[TASK BRIEF] Retype only the lines that run from the top of the material below to the line bearing "Tarcza podziałki obracana, z", inclusive, and keep the pictures out.

[DATA SHOWN]
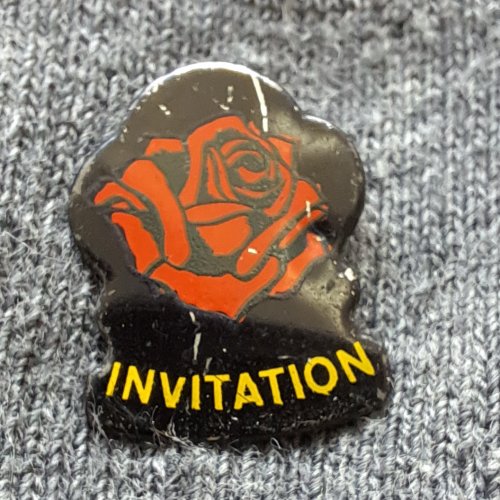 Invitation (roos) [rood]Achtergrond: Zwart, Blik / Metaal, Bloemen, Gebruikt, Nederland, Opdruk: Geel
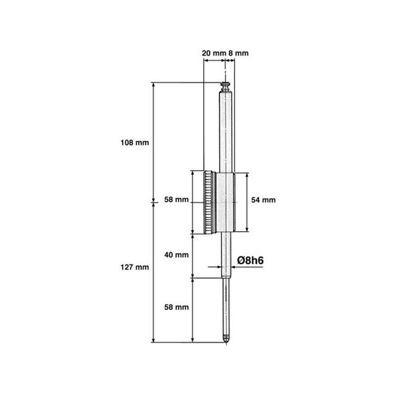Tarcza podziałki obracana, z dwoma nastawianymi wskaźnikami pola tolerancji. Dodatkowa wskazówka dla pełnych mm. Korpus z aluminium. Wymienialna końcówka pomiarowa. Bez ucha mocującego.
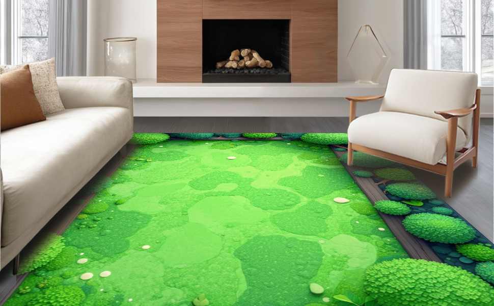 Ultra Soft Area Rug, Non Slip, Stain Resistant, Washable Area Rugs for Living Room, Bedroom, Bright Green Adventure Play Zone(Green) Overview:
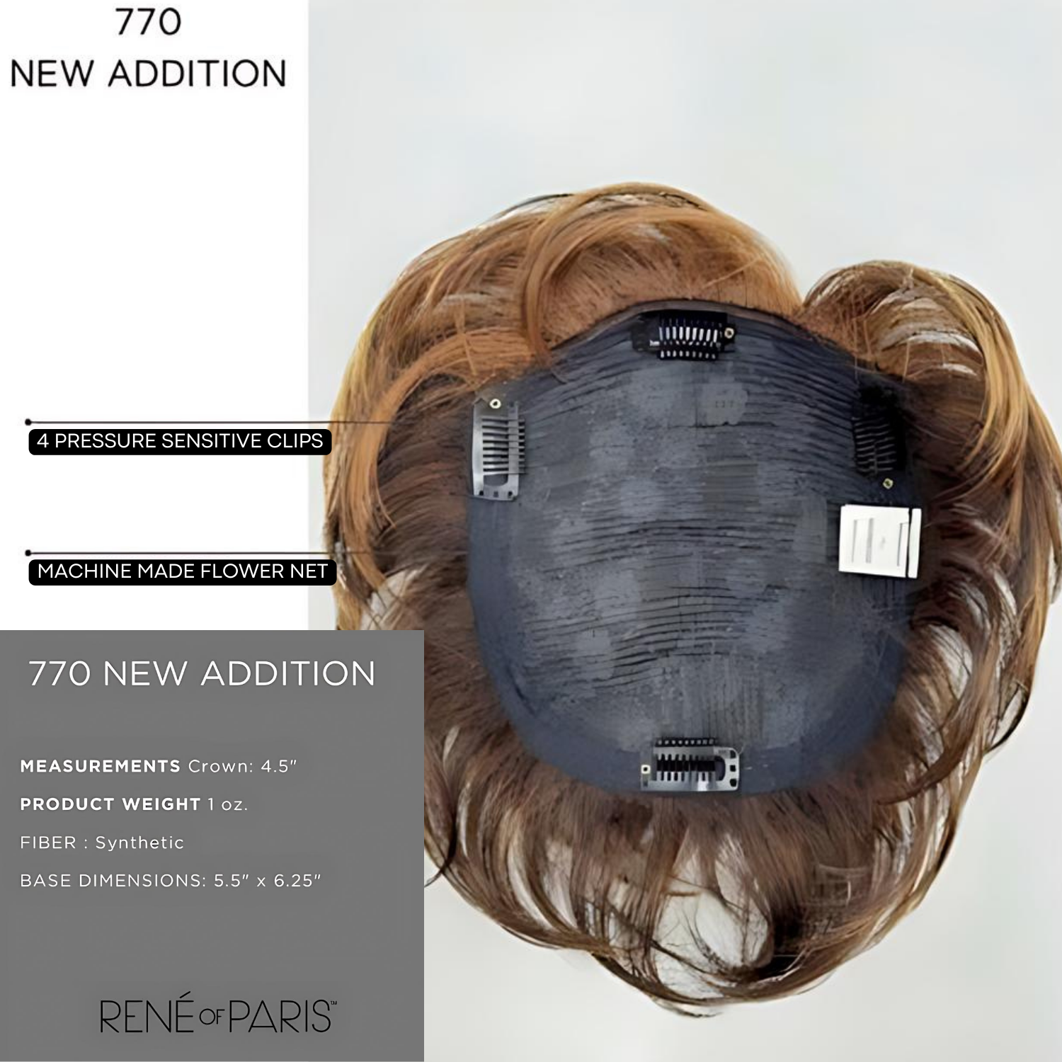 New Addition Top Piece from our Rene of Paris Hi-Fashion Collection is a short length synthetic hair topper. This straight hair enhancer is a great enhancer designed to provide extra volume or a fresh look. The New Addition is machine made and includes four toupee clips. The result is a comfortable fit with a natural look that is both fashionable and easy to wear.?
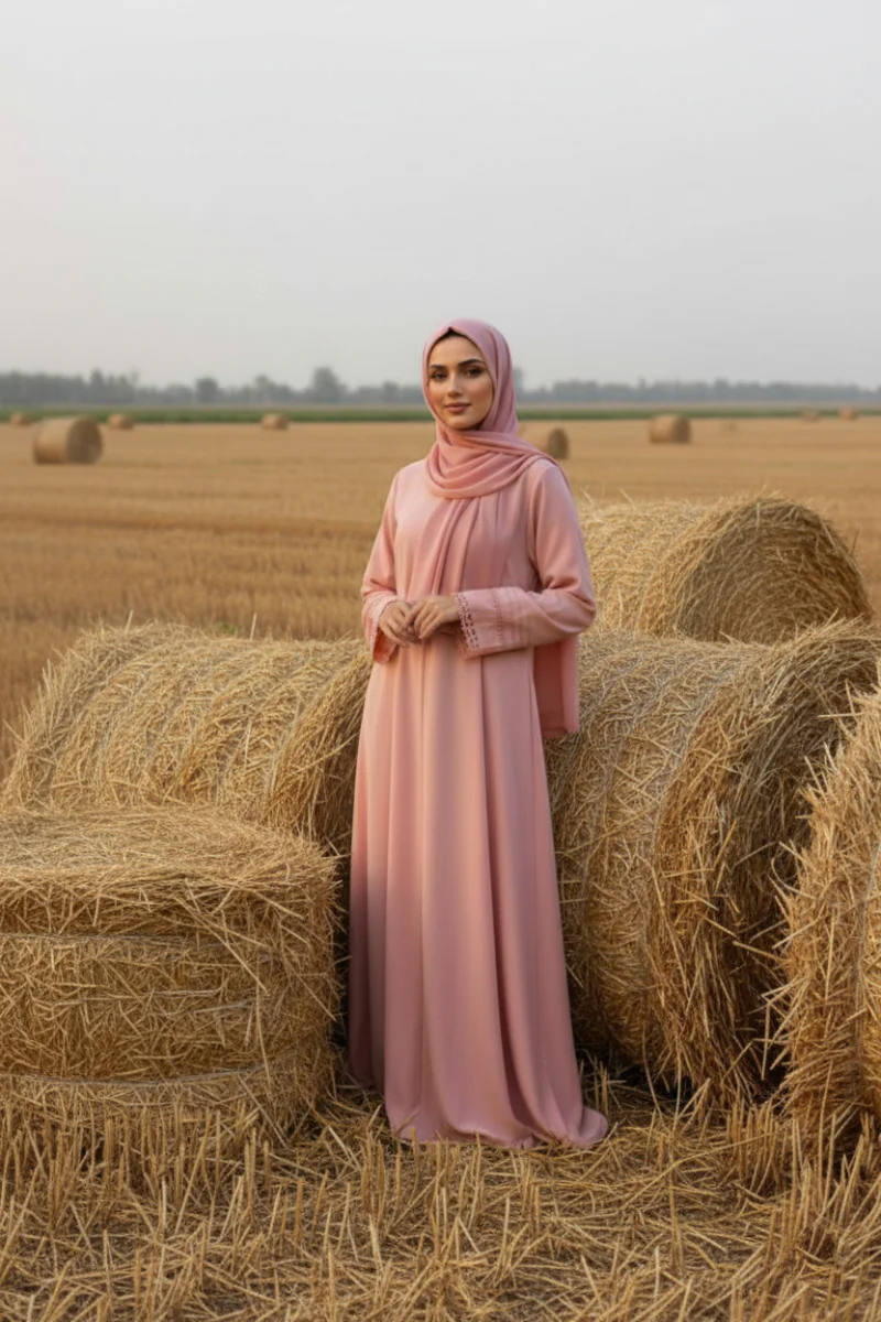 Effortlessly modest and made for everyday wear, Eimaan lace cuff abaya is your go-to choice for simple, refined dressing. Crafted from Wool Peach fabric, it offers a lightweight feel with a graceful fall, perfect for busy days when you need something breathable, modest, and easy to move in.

[SOLUTION]
 Invitation (roos) [rood]Achtergrond: Zwart, Blik / Metaal, Bloemen, Gebruikt, Nederland, Opdruk: Geel
Tarcza podziałki obracana, z dwoma nastawianymi wskaźnikami pola tolerancji. Dodatkowa wskazówka dla pełnych mm. Korpus z aluminium. Wymienialna końcówka pomiarowa. Bez ucha mocującego.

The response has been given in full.